Having got together two plates of tubes with little bits of plant and lichen tissue in them, and pulverised them with tungsten beads in a TissueLyser for a couple of minutes at 20 Hz to break open the tissue (thus allowing DNA extraction buffers to get through plant cell walls and into the cell nuclei), there are a few more manual steps before the semi-robotic DNA extraction system that we use at RBGE can come into play.
I was testing two different DNA extraction kits that can easily be used with the system that we have. With the first kit, a DNeasy® Plant kit, the samples were left in 400 μl of lysis buffer (AP1) for an hour or so at 65°C, gently vibrating in one of our ThermoMixers, then placed on ice for about ten minutes after a second buffer (P3) was added. The QIAamp® kit had a rather different protocol, with the samples left 5 hours to overnight in the ThermoMixer at 56°C, in 180 μl of buffer (ATL) and 20 μl of the enzyme proteinase K, and there was no cold precipitation step.

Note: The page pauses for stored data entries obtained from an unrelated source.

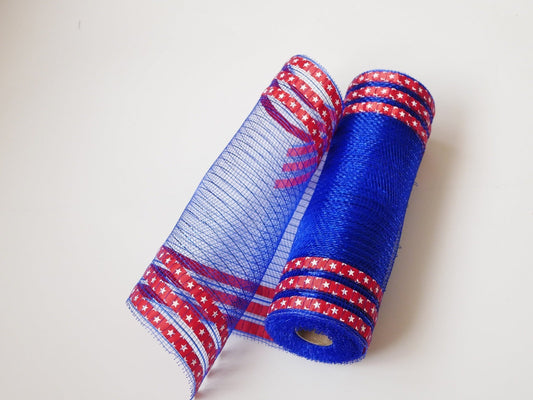 Royal Blue with Red Stars Stripes Holiday Deco Mesh - ( 10 Inch x 10 Yards )
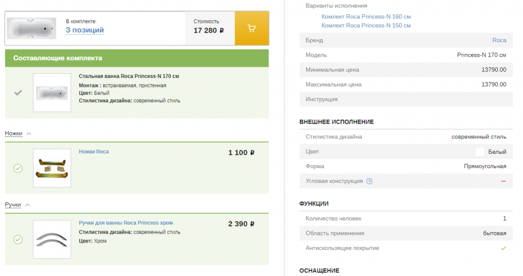 Например, при покупке ванны пользователю можно
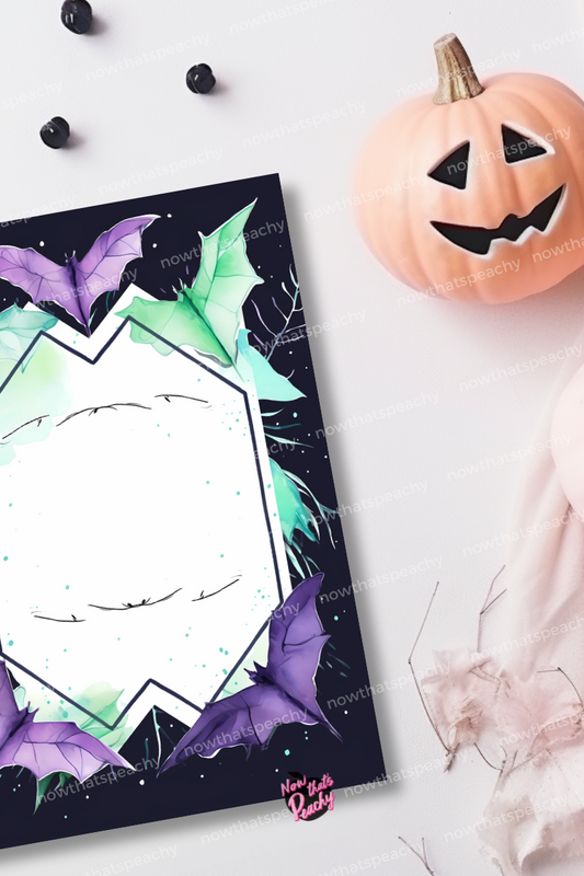Pastel Goth Bats Watercolor Blank Template for Cards, Posters, Menus, Invitations, Flyers

For both the Plant DNeasy and the QIAamp kits, all the debris (mostly bits of unground tissue, bits of cell walls, and the tungsten balls that were used to grind the tissue) was pelleted at the bottom of the tubes in a centrifuge, and the liquid that was left was pipetted into a new plastic block called an S-block, ready to be placed in the centre of the QIAcube® robot.
From there on, all the liquid transfer is done by the pipette arm of the QIAcube, following programmed instructions, and using the consumables that come with the relevant DNA extraction kits.
Although some of the buffers used are different in each kit, the basic steps are the same: a buffer is added to the DNA extractions in the S-block that will cause the DNA to bind to a silica membrane, and all the fluid is mixed and transferred over to a 96-well capture plate (at the back left of the robot), where a vacuum sucks it through the membrane.
This is followed by several wash steps, where alcohol-rich buffers are sucked through the membrane, washing away impurities while the DNA remains precipitated on the membrane. The alcohol is dried off with another vacuum step, and then the capture plate is picked up and moved over to a position directly above some empty tubes in what is known as an elution plate (at the back right of the robot). An elution buffer (the same buffer, AE, is used in both kits) is added to remove the DNA from the silica membrane, and finally the liquid containing the DNA is vacuumed off the membrane and into the empty tubes.
The next step, in line with our EU-funded SYNTHESYS project objectives, is going to be to look at the quantities and quality of DNA that has been extracted using these two methods, to see if one is quantifiably better for some of the different types of materials that we work with at RBGE. What’s certainly clear so far is that there were more darkly-stained membranes in the QIAamp capture plate (as can be seen in the picture above), and that some of the DNA elutions from the QIAamp kit membranes are also rather strongly coloured.